[TASK BRIEF] Drop the images. Copy every line below character for character.

--------------------------------------------------

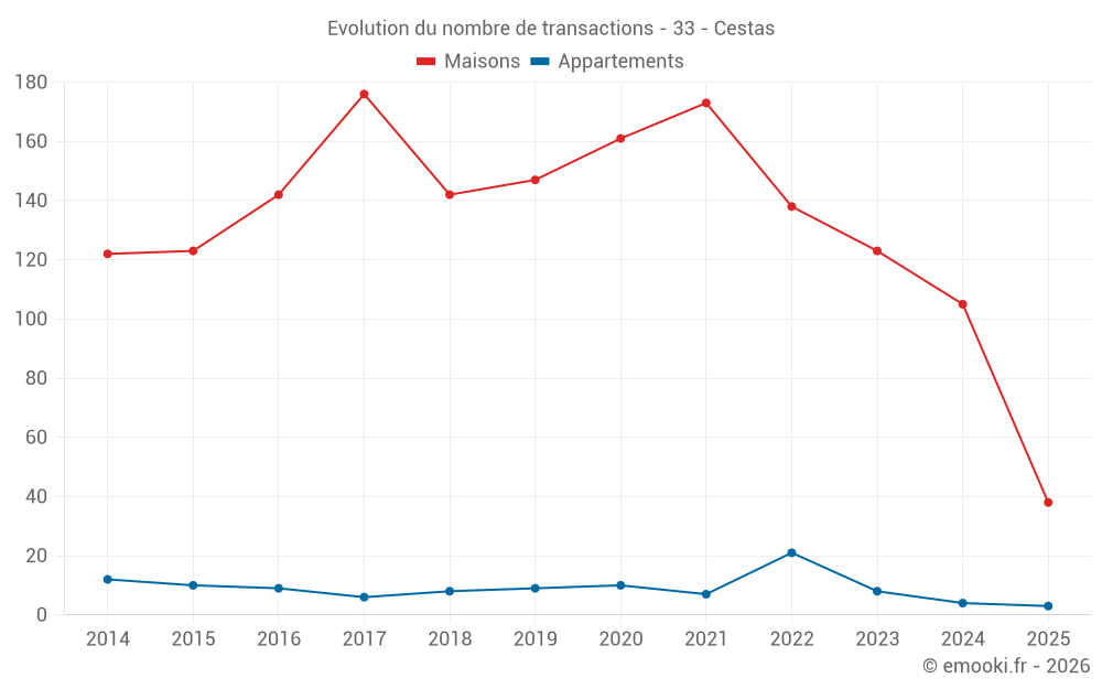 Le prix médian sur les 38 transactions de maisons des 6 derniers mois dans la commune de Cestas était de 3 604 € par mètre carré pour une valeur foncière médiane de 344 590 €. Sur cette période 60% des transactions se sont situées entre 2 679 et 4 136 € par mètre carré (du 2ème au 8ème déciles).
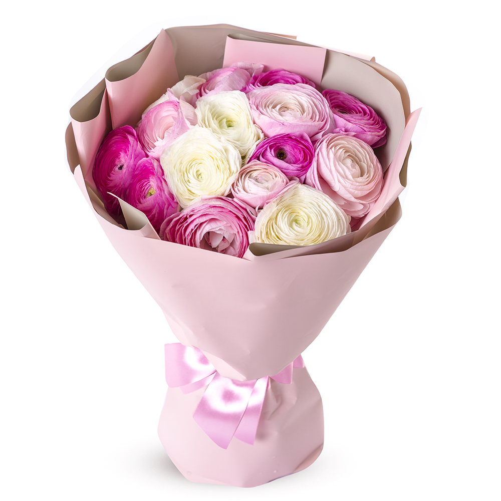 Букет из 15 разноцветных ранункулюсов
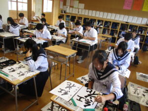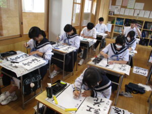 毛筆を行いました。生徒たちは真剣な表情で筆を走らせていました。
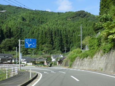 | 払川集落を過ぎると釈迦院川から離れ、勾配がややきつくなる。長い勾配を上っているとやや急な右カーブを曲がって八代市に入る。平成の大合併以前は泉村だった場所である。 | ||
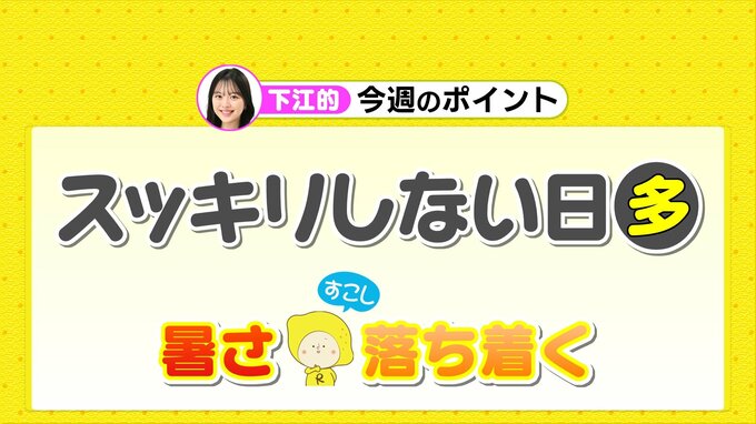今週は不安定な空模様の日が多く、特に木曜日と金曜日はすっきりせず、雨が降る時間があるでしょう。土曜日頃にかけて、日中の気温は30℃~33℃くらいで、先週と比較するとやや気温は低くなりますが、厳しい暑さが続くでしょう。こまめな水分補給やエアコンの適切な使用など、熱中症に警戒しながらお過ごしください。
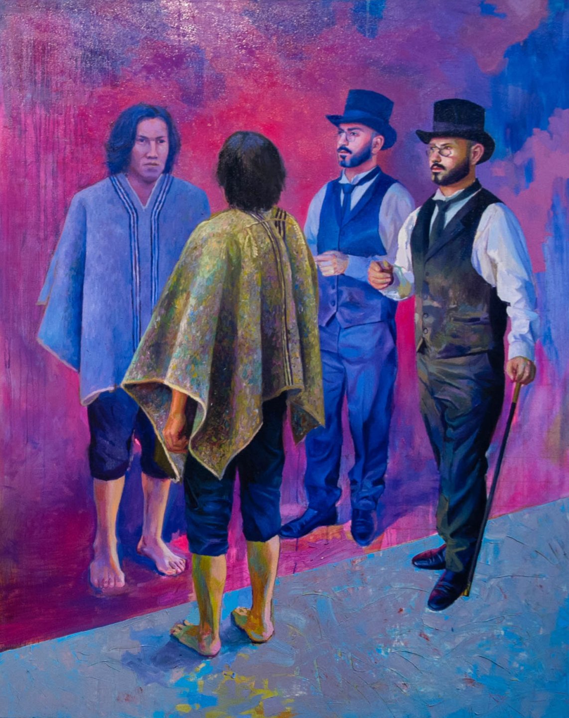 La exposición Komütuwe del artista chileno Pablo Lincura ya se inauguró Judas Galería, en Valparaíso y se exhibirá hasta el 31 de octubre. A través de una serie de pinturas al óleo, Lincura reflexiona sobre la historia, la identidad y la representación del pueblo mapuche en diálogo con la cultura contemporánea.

--------------------------------------------------

[OUTPUT OF THE EXERCISE]
 Le prix médian sur les 38 transactions de maisons des 6 derniers mois dans la commune de Cestas était de 3 604 € par mètre carré pour une valeur foncière médiane de 344 590 €. Sur cette période 60% des transactions se sont situées entre 2 679 et 4 136 € par mètre carré (du 2ème au 8ème déciles).
 Букет из 15 разноцветных ранункулюсов
 毛筆を行いました。生徒たちは真剣な表情で筆を走らせていました。
 | 払川集落を過ぎると釈迦院川から離れ、勾配がややきつくなる。長い勾配を上っているとやや急な右カーブを曲がって八代市に入る。平成の大合併以前は泉村だった場所である。 | ||
今週は不安定な空模様の日が多く、特に木曜日と金曜日はすっきりせず、雨が降る時間があるでしょう。土曜日頃にかけて、日中の気温は30℃~33℃くらいで、先週と比較するとやや気温は低くなりますが、厳しい暑さが続くでしょう。こまめな水分補給やエアコンの適切な使用など、熱中症に警戒しながらお過ごしください。
 La exposición Komütuwe del artista chileno Pablo Lincura ya se inauguró Judas Galería, en Valparaíso y se exhibirá hasta el 31 de octubre. A través de una serie de pinturas al óleo, Lincura reflexiona sobre la historia, la identidad y la representación del pueblo mapuche en diálogo con la cultura contemporánea.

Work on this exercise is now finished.